Retirement of Marcy D. Mutch as Principal Financial Officer and Principal Accounting Officer
On February 20, 2025, Marcy D. Mutch notified First Interstate BancSystem, Inc. (the “Company”) of her intention to retire as a full-time employee at the end of 2025 and to step down after a transition period as the Company’s Executive Vice President and Chief Financial Officer (“CFO”) effective May 31, 2025 (the “Retirement”). In her capacity as CFO, Ms. Mutch serves as both the Company’s principal financial officer and principal accounting officer; she will be transitioning out of each of such roles at the end May in connection with the Retirement.
In connection with the Retirement, the Company, its wholly owned subsidiary First Interstate Bank (the “First Interstate”) and Ms. Mutch entered into a Transition and Separation Agreement and General Release dated as of February 24, 2025 (the “Transition Agreement”). The Transition Agreement provides that Ms. Mutch will continue to serve as the CFO through May 31, 2025 (the “Transition Period”). Following the Transition Period, Ms. Mutch’s service as CFO (including in her capacities as principal financial officer and principal accounting officer) will end and her employment is expected to be transitioned at that time to the role of Executive Advisor to the Company, in which capacity she has agreed to serve through December 31, 2025 (the “Executive Advisor Period”) to further assist the Company with the transition of her CFO role to her announced successor, the Company’s current Deputy Chief Financial Officer, David P. Della Camera. Following the Executive Advisor Period, Ms. Mutch has further agreed to continue her service to the Company and continue transitioning the CFO role as a non-employee consultant for an additional one-year term ending December 31, 2026 (the “Consulting Period”).
During the Transition Period and subject to her continuing employment during the period (subject to exceptions including a termination of employment without cause), Ms. Mutch will continue to report to the Chief Executive Officer of the Company (the “CEO”) and will have duties and responsibilities that are substantially the same as her existing duties and responsibilities. The Transition Agreement provides that, during the Transition Period, Ms. Mutch’s base salary will continue at its current rate and her short-term incentive awards, which will be determined by the CEO based on the Company’s actual achievement of business performance objectives and Ms. Mutch’s achievement of personal performance objectives in a manner consistent with how such objectives are determined for other executive officers of the Company, will be prorated for the Transition Period. During the Transition Period, Ms. Mutch will continue to accrue paid vacation and will remain eligible to: (i) be granted long-term incentive awards and (ii) participate in employee benefit plans available to other executive officers of the Company. Increases to Ms. Mutch’s base salary during the Transition Period, if any, will be at the discretion of the CEO and subject to approval by the Company’s Compensation and Human Capital Committee.

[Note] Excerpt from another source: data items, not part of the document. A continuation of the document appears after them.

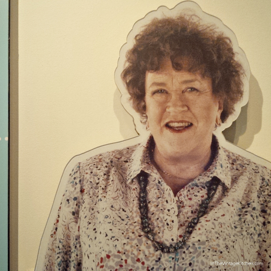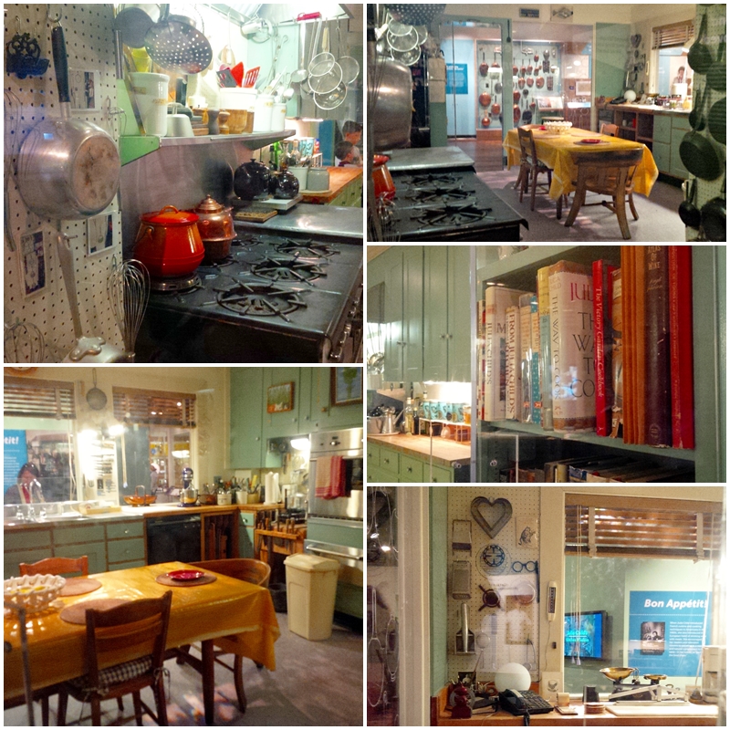 As revered as Julia had become it is easy to see in this exhibit how normal and ordinary a person she actually was. Her kitchen reflected that. It wasn’t photo-shoot ready. It wasn’t glamorous. Not everything had a place. Her cookbooks were used. Her counter tops were messy. But it was functional for the way she liked to cook. It was a fun play space for her and in turn it was a fun exhibit for me. I think that is what still makes Julia Child so admired. She was an unpretentious lover of food and of cooking and her kitchen reiterates all that. The manner in which it is displayed there at the Smithsonian you can easily imagine that she just popped over into another room of the house, perhaps to fetch something for her husband Paul and that in any second she was going to come right back and get to cooking. Aided by video monitors playing clips from her cooking shows around the exhibit, your imagination does not have to stretch far to picture her standing at the sink peeling potatoes or at the stove flipping omelettes.
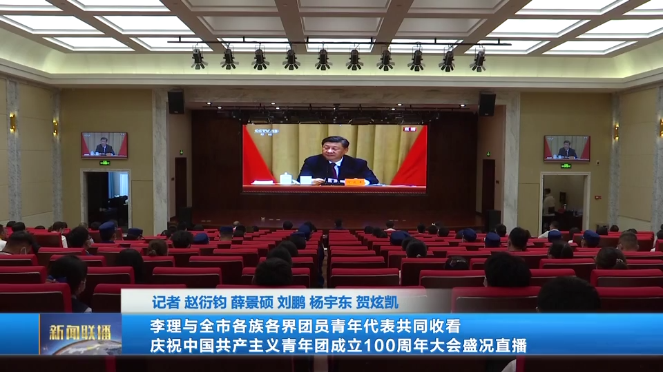 李理与全市各族各界团员青年代表共同收看庆祝中国共产主义青年团成立100周年大会盛况直播
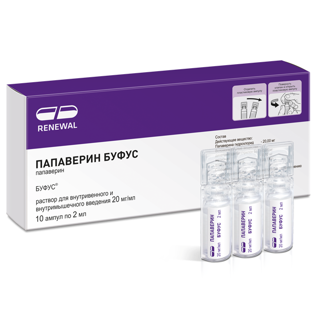Дополнительные вещества способствуют быстрому высвобождению папаверина гидрохлорида из основы таблеток и его наиболее полному проникновению в системный кровоток. Вторичная упаковка всех лекарственных форм — картонная коробка с вложенной внутрь инструкцией по применению.

During the Executive Advisor Period and subject to her continuing employment during the period (subject to exceptions including a termination of employment without cause), Ms. Mutch will continue to report to the CEO and will have duties and responsibilities that are defined by the CEO, including providing strategic continuity and high-level support to the Company; assisting the CEO with the CFO transition; acting as a liaison between the board of directors of the Company, executive management, and the investment community as requested by the CEO; coordinating cross-functional initiatives; and assisting with investor relations. Ms. Mutch will receive for her services during the Executive Advisor Period: (i) a base salary at the rate in effect as of the end of the Transition Period, (ii) short-term incentive awards, which will be determined by the CEO based on the Company’s actual achievement of business performance objectives and Ms. Mutch’s achievement of personal performance objectives in a manner consistent with how such objectives are determined for executive officers of the Company, prorated for the Executive Advisor Period, (iii) continuing eligibility to have her existing and outstanding long-term incentive awards vest according to their terms, and (iv) continuing accrual of paid vacation and eligibility for all employee benefit plans available to other executive officers of the Company. The target short-term incentive amount during the Executive Advisor Period will be 75% of the target short-term incentive amount as of the end of the Transition Period. Promptly following the Executive Advisor Period, Ms. Mutch will receive payment for all earned but unpaid salary, paid time off and reimbursable expenses.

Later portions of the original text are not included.